Accessibility for Return on Investment
Its getting hard to remember the exact number of web managers and business representatives who’ve blown my advice away. Accessibility in their world is hard and expensive and nobody’s going to tell them how to build a website, right? Web design is one of those areas where any advice is often interpreted between the receiving ears as “your site is crap”. Which may or may not be the case. When what I’m probably saying is they have a moral and legal obligation to make their site more available to other technologies and a wider audience of users. Managers need to consider the ethical and legal ramifications of creating software under flawed and false assumptions.
But more than that, what I’m probably really trying to put over in that conversation is that for the small cost of developing for a wider audience - which is exactly what accessibility is all about - the business returns can be significantly higher, too.
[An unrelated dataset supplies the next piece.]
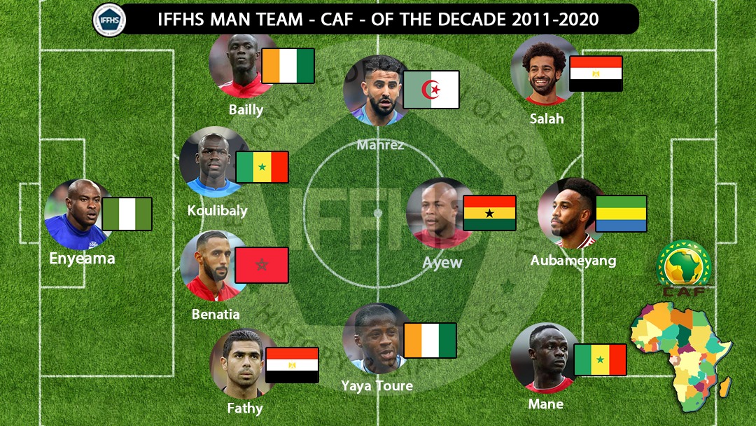 نشر الاتحاد الدولي للتأريخ والإحصاء التشكيل المثالي لقارة إفريقيا في العقد الماضي لأفضل لاعبين ظهروا في الفترة بين 2011 و حتى2020.

Yes, your current site works quite well. But it could work better. It could open its doors to a wider audience with significantly more potential to engage the market segment you’re interested in. Its not just about blind people.
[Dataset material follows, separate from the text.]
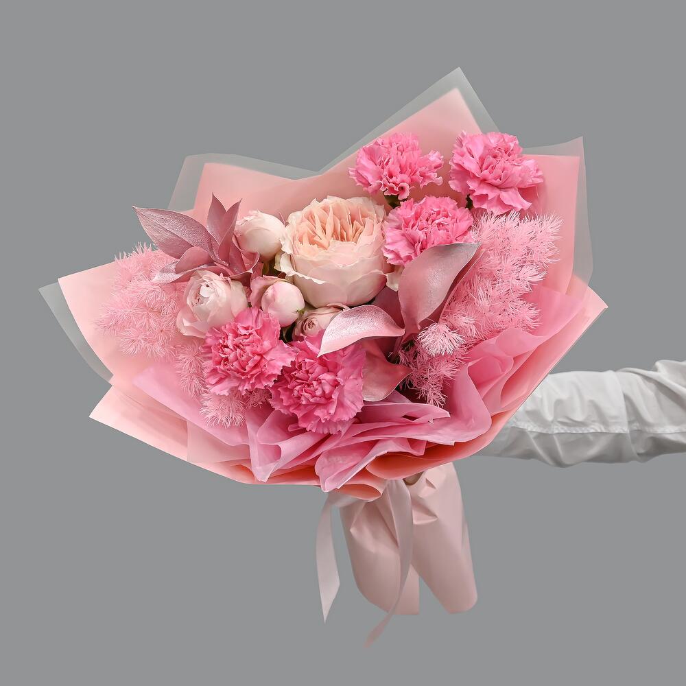 Нежный букет в розовой цветовой гамме. В составе пионовидная роза, кустовая пионовидная роза, похожая на пион, и сортовая гвоздика.Флористы студии Цветочный Этикет собрали его из самых свежих цветов, тщательно продумав состав. Букет готов удивлять красотой своего получателя! … Показать ещёСтанет идеальным подарком для любимой женщины, дочке или мамы, на День Рождения, юбилей, свадьбу и другие торжественные мероприятия. С букетом вы получите конверт с открыткой, в которой мы напишем любое пожелание, инструкцию свежести и средство для продления жизни срезанных цветов.

In fact, putting meaningful alternate text descriptions on images and utilising the title element, or using legends and fieldsets with labels in forms, costs small change. Unless you’re putting up large video / audio / animation you’re pretty much only looking at low complexity, low effort enhancements. Especially if you design for it from the beginning and especially if you bring in someone who knows what they’re doing.
Which is why its so funny that many managers turn off their radar when Web Standards and Web Accessibility walk in the door. They’re hearing cost and we’re talking quality. We’re actually trying to get it across to them that its about making more money! It should be a conversation about return on investment.